Now, if you scroll down a bit, you’ll get to see the attributes:
SMART Attributes Data Structure revision number: 16
Vendor Specific SMART Attributes with Thresholds:
ID# ATTRIBUTE_NAME FLAG VALUE WORST THRESH TYPE UPDATED WHEN_FAILED RAW_VALUE
1 Raw_Read_Error_Rate 0x002f 100 100 051 Pre-fail Always - 77
2 Throughput_Performance 0x0026 252 252 000 Old_age Always - 0
3 Spin_Up_Time 0x0023 092 088 025 Pre-fail Always - 2507
4 Start_Stop_Count 0x0032 093 093 000 Old_age Always - 7932
5 Reallocated_Sector_Ct 0x0033 252 252 010 Pre-fail Always - 0
7 Seek_Error_Rate 0x002e 252 252 051 Old_age Always - 0
8 Seek_Time_Performance 0x0024 252 252 015 Old_age Offline - 0
9 Power_On_Hours 0x0032 100 100 000 Old_age Always - 10054
10 Spin_Retry_Count 0x0032 252 252 051 Old_age Always - 0
11 Calibration_Retry_Count 0x0032 100 100 000 Old_age Always - 812
12 Power_Cycle_Count 0x0032 093 093 000 Old_age Always - 7942
191 G-Sense_Error_Rate 0x0022 100 100 000 Old_age Always - 1877
192 Power-Off_Retract_Count 0x0022 100 100 000 Old_age Always - 80
194 Temperature_Celsius 0x0002 061 054 000 Old_age Always - 39 (Min/Max 11/47)

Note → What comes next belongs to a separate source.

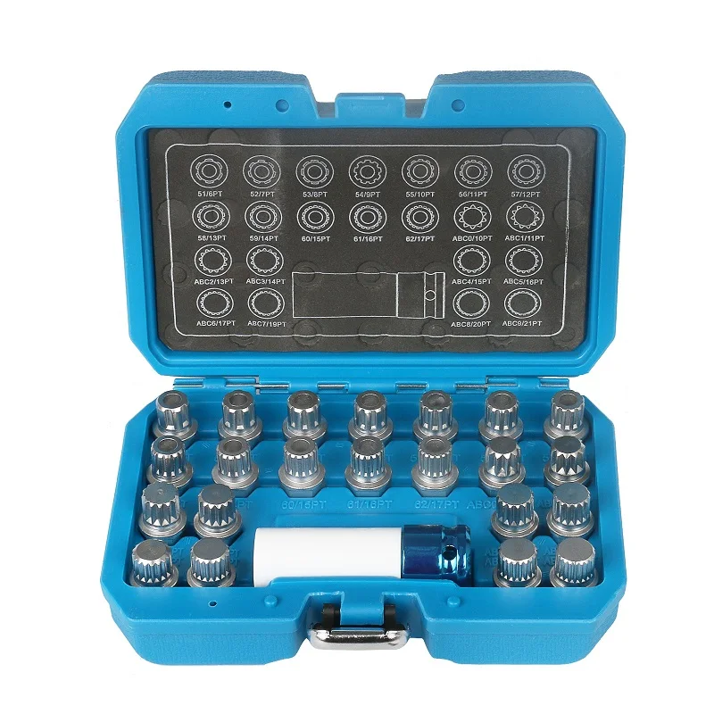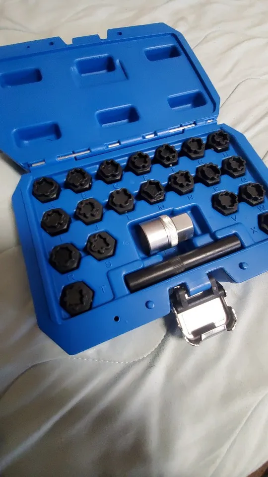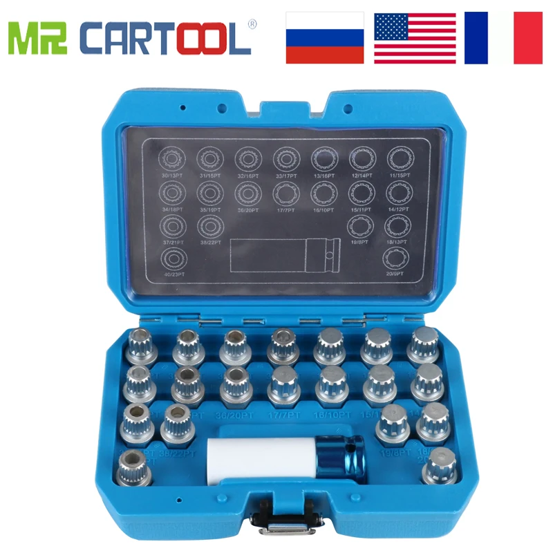 21 шт для BMWТемо 21 шт. ограничитель угла поворота колес Lugnut Противоугонная гайка винт для удаления ключ Набор торцевых головок для BMW с 1/2 дюймов (12,7 мм) гнездо адаптераУдаление гаек на колесах, включая 20 шт. 17 мм гнездо: 30/13PT, 31/15PT, 32/16PT,13/16PT, 12/14PT, 11/15PT, 33/17PT, 34/18PT,35/19PT,16/10PT, 15/11PT, 14/12PT, 36/20PT, 37/21PT, 38/22PT, 19/8PT, 18/13PT, 17/7PT, 40/23PT, 20/9PT.Они используются для удаления гаек для колес на BMW и Mini серии: для BMW: E12, E21, E23, E24, E28, E30, E31, E32, E34, E36, E38, e39, E46, E46/16, E46/2, E46/3, E46/5, E46/C, E52, E53, E60, E61, E63, E64, E65, E66, E67, E70, E81, E82, E83, E85, E86, E87, E90, E91, E92, E93, для BMW Mini: R50, r52, R53

195 Hardware_ECC_Recovered 0x003a 100 100 000 Old_age Always - 0
196 Reallocated_Event_Count 0x0032 252 252 000 Old_age Always - 0
197 Current_Pending_Sector 0x0032 252 100 000 Old_age Always - 0
198 Offline_Uncorrectable 0x0030 252 252 000 Old_age Offline - 0
199 UDMA_CRC_Error_Count 0x0036 200 200 000 Old_age Always - 0
200 Multi_Zone_Error_Rate 0x002a 100 100 000 Old_age Always - 18856
223 Load_Retry_Count 0x0032 100 100 000 Old_age Always - 812
225 Load_Cycle_Count 0x0032 051 051 000 Old_age Always - 496059
A couple of comments about this, because the first time I saw “pre-fail” and “old_age” I really freaked out. It seems like those are simply the type of attribute. To me this implies that, were that attribute to attain a lower value than the threshold, it would indicate that there is a “pre-fail” about to happen, or that the drive is old and should be replaced. In this case no value is lower than the threshold, so there’s nothing to worry about. Also, the “VALUE” column uses some sort of renormalization to define a score, higher is always better and in most hard drives the maximum value is 253 (although some use 200 or 100). Note that “WORST” and “THRESHOLD” columns work within the same range. If you want to check the real value you need to look at the last column. For instance, there’s been 0 Reallocated_Sector_Ct, which results in a max score of 252.